I am acting for an Executor of a home made will. After execution (and I have confirmed this by contacting the attesting witnesses) several of the bequests were redacted and are now illegible. The Probate court have told me that I need to produce a typed engrossment of the will restoring the original content - but I cannot do this as it is impossible to read what was originally stated as the original wording is completely redacted.
I feel like I am going round in circles, and wonder if anyone has encountered a similar problem. In addition I wonder whether anyone knows any counsel who would be good to instruct to help me over this hurdle?
This is governed by s.21 Wills Act 1837:
No alteration in a will shall have any effect unless executed as a will.
Whilst the original wording was only considered “apparent” if it could be identified “by natural means” (e.g.by holding it up to a strong light) it may be that science might now be allowed to assist in identifying the original wording, provided that it does not involve physical interference with the will itself.
I wonder if the Probate Court might be willing to rule on whether the original words are “not apparent” before expending further time and costs on instructing Chancery counsel, following which the court will need to opine when the formal grant application is submitted.
Paul Saunders FCIB TEP
Independent Trust Consultant
Providing support and advice to fellow professionals
What you are describing sounds like a text book ‘obliteration’ which would lead to a partial revocation of the Will. If the words are not “apparent” in accordance with s21 Wills Act, it is not permissible to rely on extrinsic evidence such as a draft Will (In the Goods of Horsford (1874)).
I have never had to argue this with the Probate Registry so would be very interested to know how you get on in the end.
If you do need Counsel’s help it may be worth speaking to Ruth Hughes at 5 Stone Buildings as she specialises in estates and COP work.

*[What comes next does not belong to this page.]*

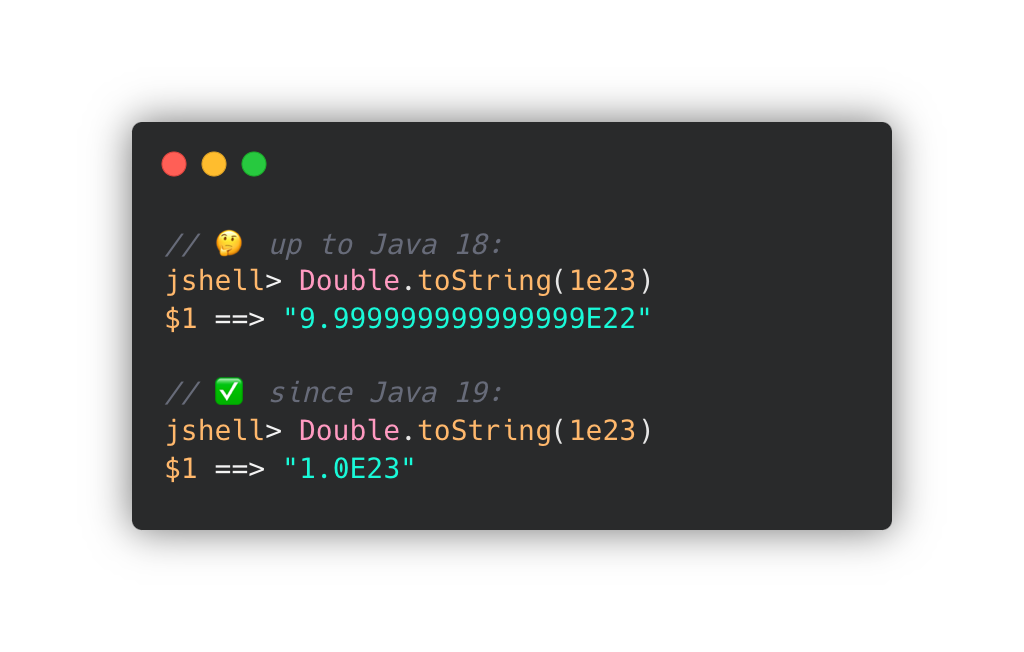 가령, 이전 JDK 릴리즈에서 "9.99999999999999E22" 를 반환했다면, JDK 19부터는 "1.0E23"이 반환합니다.
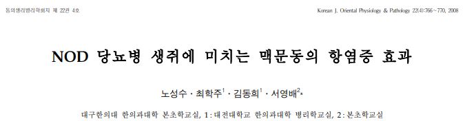 위 논문에 따르면 췌장에서 인슐린 분비가 되지 않는 제 1 당뇨형(nod)의 생쥐에게 맥문동 추출물을 먹였는데 췌장 조직의 염증이 줄어들었고 췌장에서 인슐린이 증가되어 결국 혈중 혈당량이 낮아진다고 밝히고 있습니다. 혈청 내의 인슐린 분비량이 아무것도 처리하지 않은 대조군에 비해 6.6배 증가했다고 밝히고 있습니다.

It sounds as though the probate registry has got the wrong end of the stick here.
If the original wording is impossible to read, then the situation is covered by s. 21 of the Wills Act 1837. The relevant part is: “No obliteration, interlineation, or other alteration made in any will after the execution thereof shall be valid or have any effect, except so far as the words or effect of the will shall not be apparent…”
If the testator has really managed to render the relevant gifts illegible (so that they cannot be seen using natural means), then they don’t take effect and the will should be proved accordingly. Perhaps the probate registry haven’t appreciated that the original words can’t be read?